"Very little," according to Robert Pindyck in a new working paper.
Integrated assessment models (IAMs to practitioners) stitch together projections from climate models, energy sector models, agronomic crop models, models of other sectors of the economy, and partial or general equilibrium models that account for price and interactions with the broader economy to derive a more comprehensive evaluation of costs and benefits from climate change.
Pindyck is understandably frustrated with the false sense of precision these models can impart. As he explains, a few reasonable tweaks of any of these models can give very different estimates about the social cost of carbon---the price we should pay, but typically don't, for emitting CO2.
Pindyck raises some good criticisms about IAMs, or at least says out loud a lot of things that many economists have quietly said to each other. I'm glad he's bringing our varying assumptions and wildly varying cost-of-carbon estimates out into the open for all to see. Perhaps it will push us to make our modeling efforts a little more useful, or at least more transparent.
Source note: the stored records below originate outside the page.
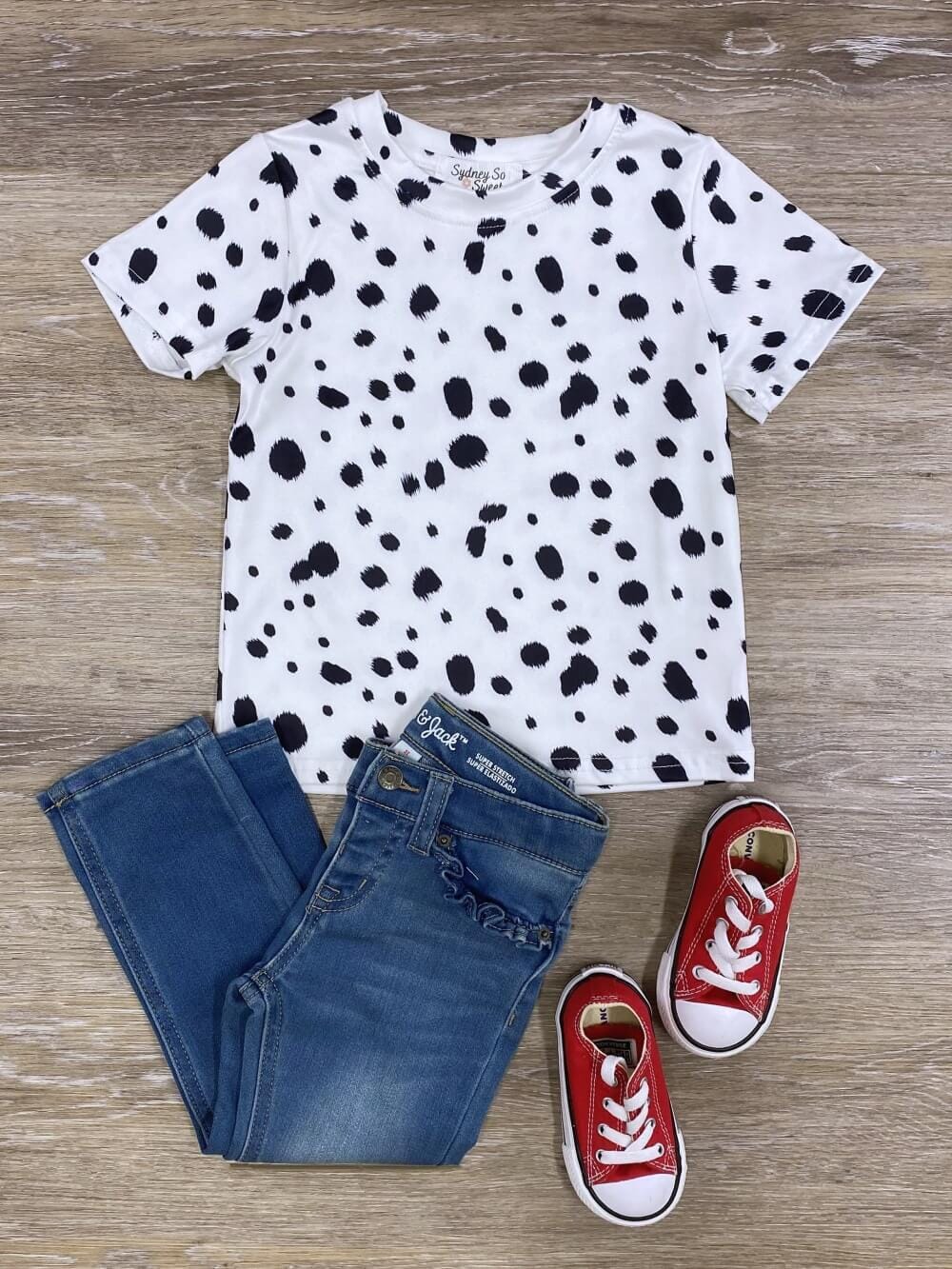 Our White & Black Dalmatian Costume T-Shirt for boys and girls is perfect for playful dress-up or Halloween fun. Featuring an all-over black and white Dalmatian spot design, this comfy short sleeve shirt is easy to pair with pants or a tutu for a complete look. Ideal for little ones who love to channel their inner puppy!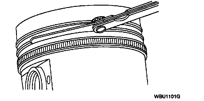 ^ Use care when fitting piston rings to avoid possible damage to the piston ring or the cylinder bore.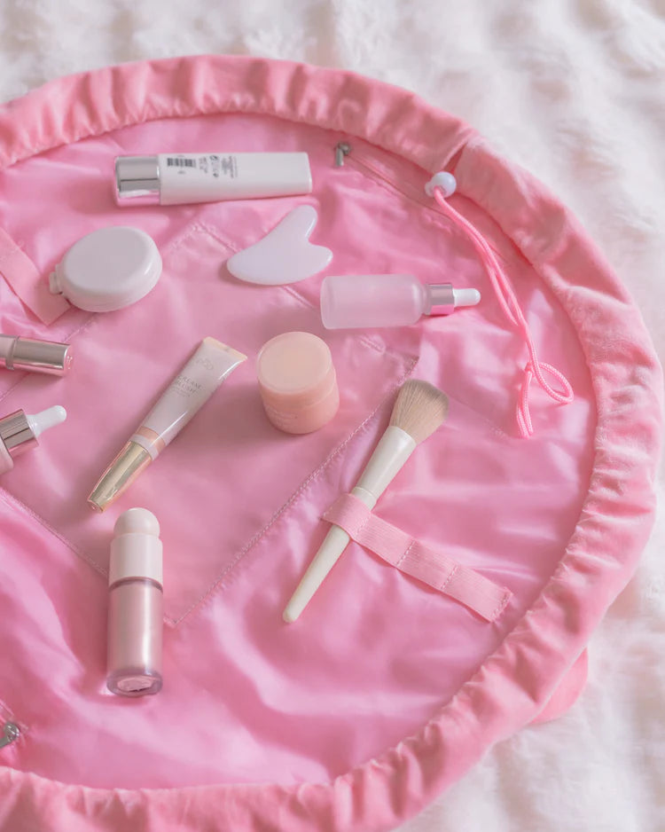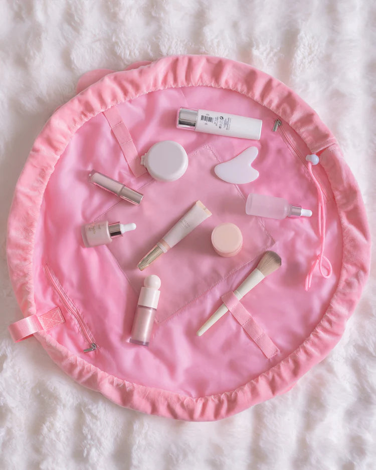 Perfect for travel or at home, this pink shell-shaped case opens completely to reveal all its contents. Thanks to its many compartments and adjustable cord, it combines organization and originality, while remaining ultra-practical for beauty fans.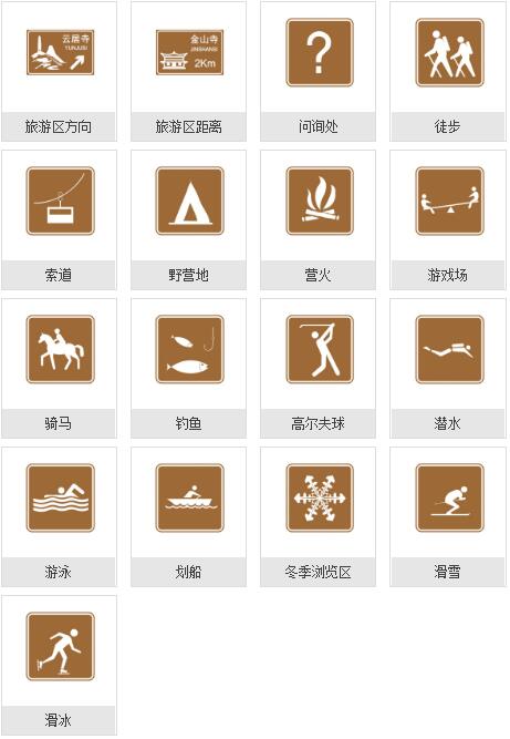 提供旅游景點方向、距離的標志。顏色為棕色底、白色字符,提供旅游區的名稱、有代表性的圖案及前往旅游區的方向和距離,設在高速公路出口附近及通往旅游區的各交叉口的附近。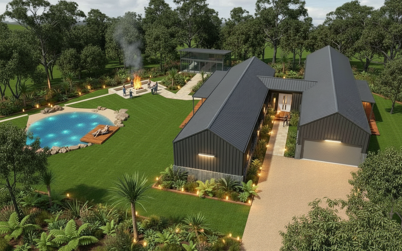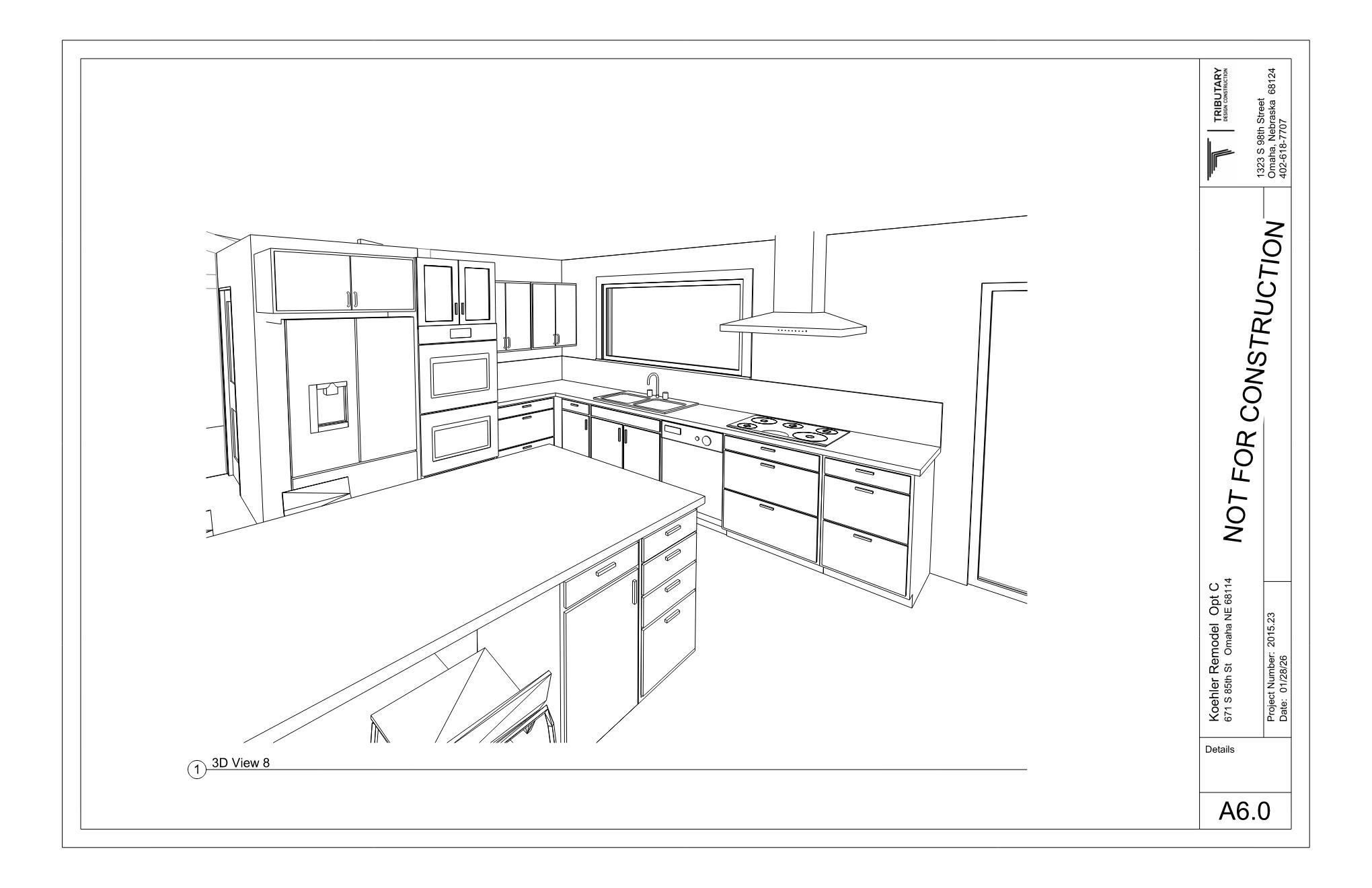 mid century vibe kitchen with sage green cabinets with walnut and brass accents white countertops with matching 12 tall bask splash and stainless steel applinaces leather stools at the island do not change the layout of the kitchen linear light fixture over the island the upper cabinets to the left of the window should be walnut or white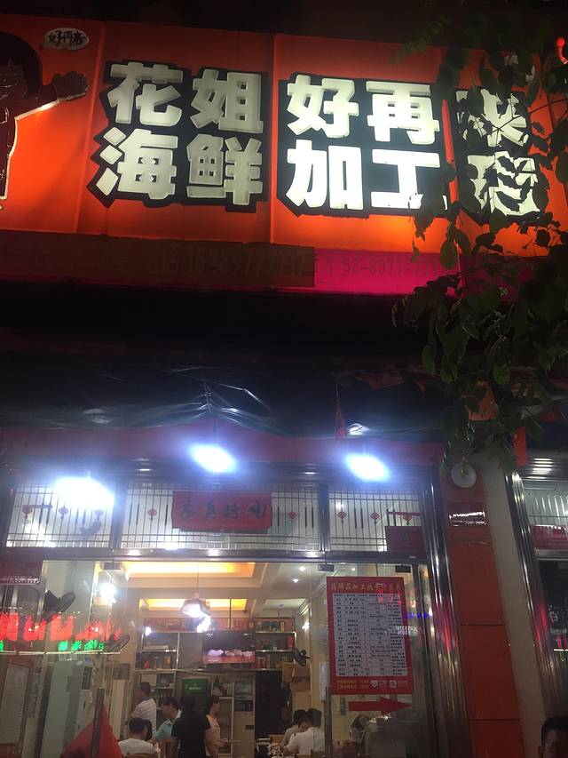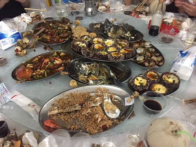 海棠湾这边还蛮荒的,吃东西的地方少,而且公交车好像9点就收,收了车打车回去得一百多。才出了大血,还是饿着肚子回大东海找吃的,在美团上面看排行榜,去了花姐加工店,5个人点的598六人餐,很不错,分量品种足,味道也很不错,比头两天吃的更接近四川口味。
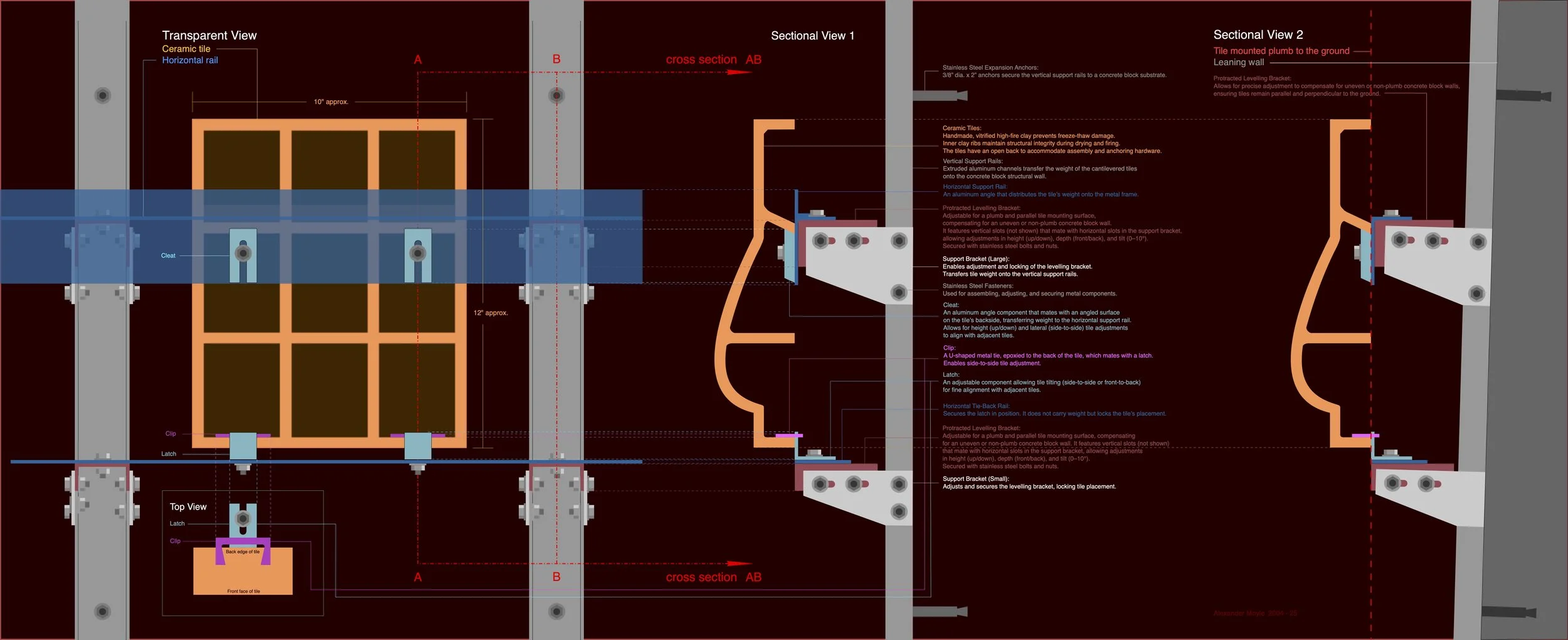 Diagram of support metal frame and tiles attachments.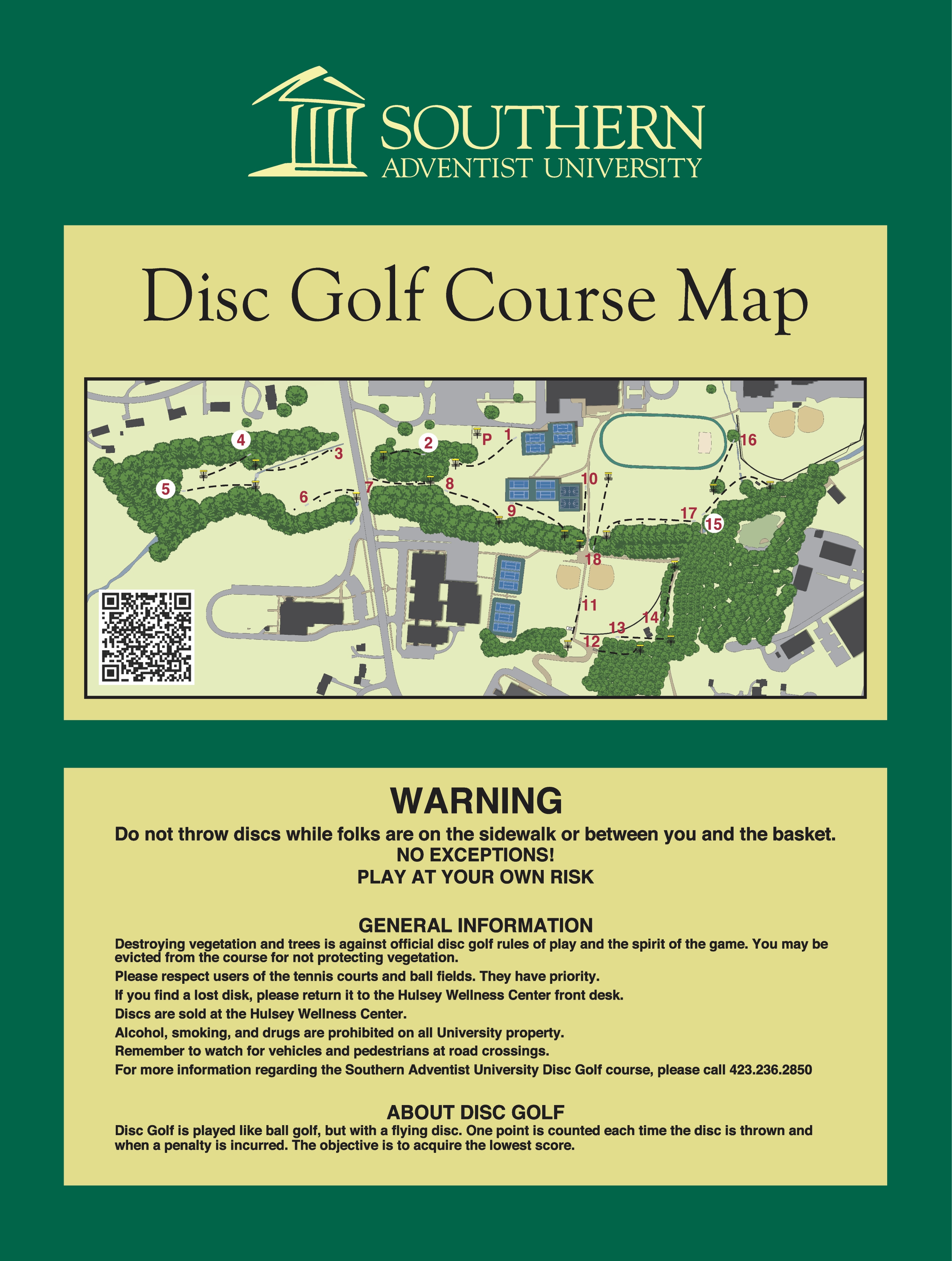 LOCATION: Practice Hole and Hole 1 are located behind the Hulsey Wellness Center by the Upper Tennis Courts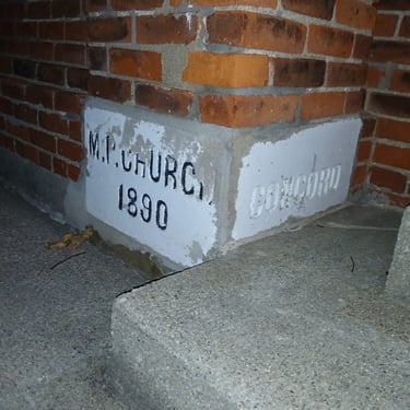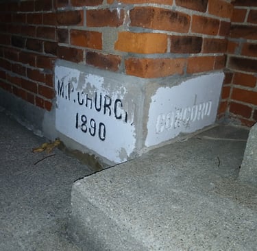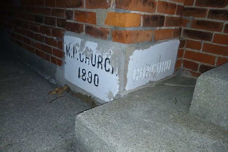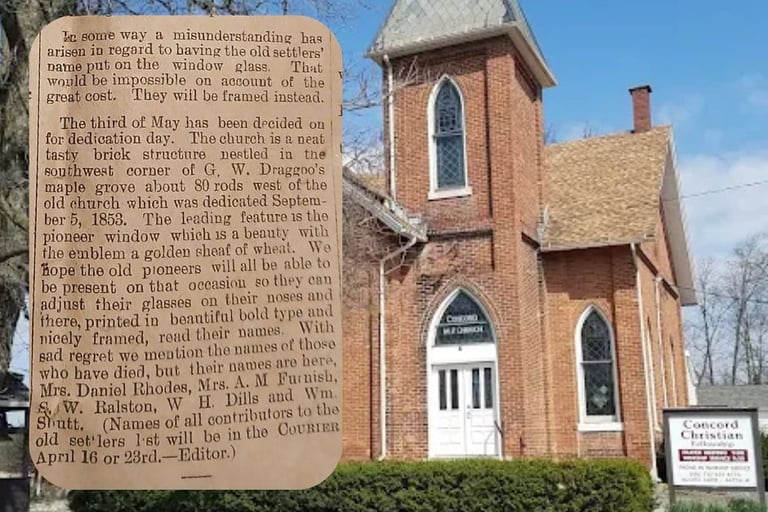 Concord Christian Fellowship is the steward of this 1890 building. It began as the Concord Methodist Protestant Church which was organized in 1843 by several of the earliest pioneers of the county. They first met in Monroe Schoolhouse near Jenkins Cemetery on CR 56, moved to a simple frame structure in 1852, and finally built this structure in 1890.

He's right to pick on false precision. But I wonder: has anyone really been fooled? My sense is no. ...
Integrated assessment models tell us more than nothing. But, like all sorts of research, the uncertainty inherent in the estimates needs to be presented as well. This is usually done in the fine print and is not what is communicated to the general public. So, my sense is that critics of climate change economics read the fine print and harp on the uncertainty in the results as if the researcher is trying to bury it. I suggest taking the uncertainty out of the fine print and putting it front and center so that we can avoid the red herring criticism.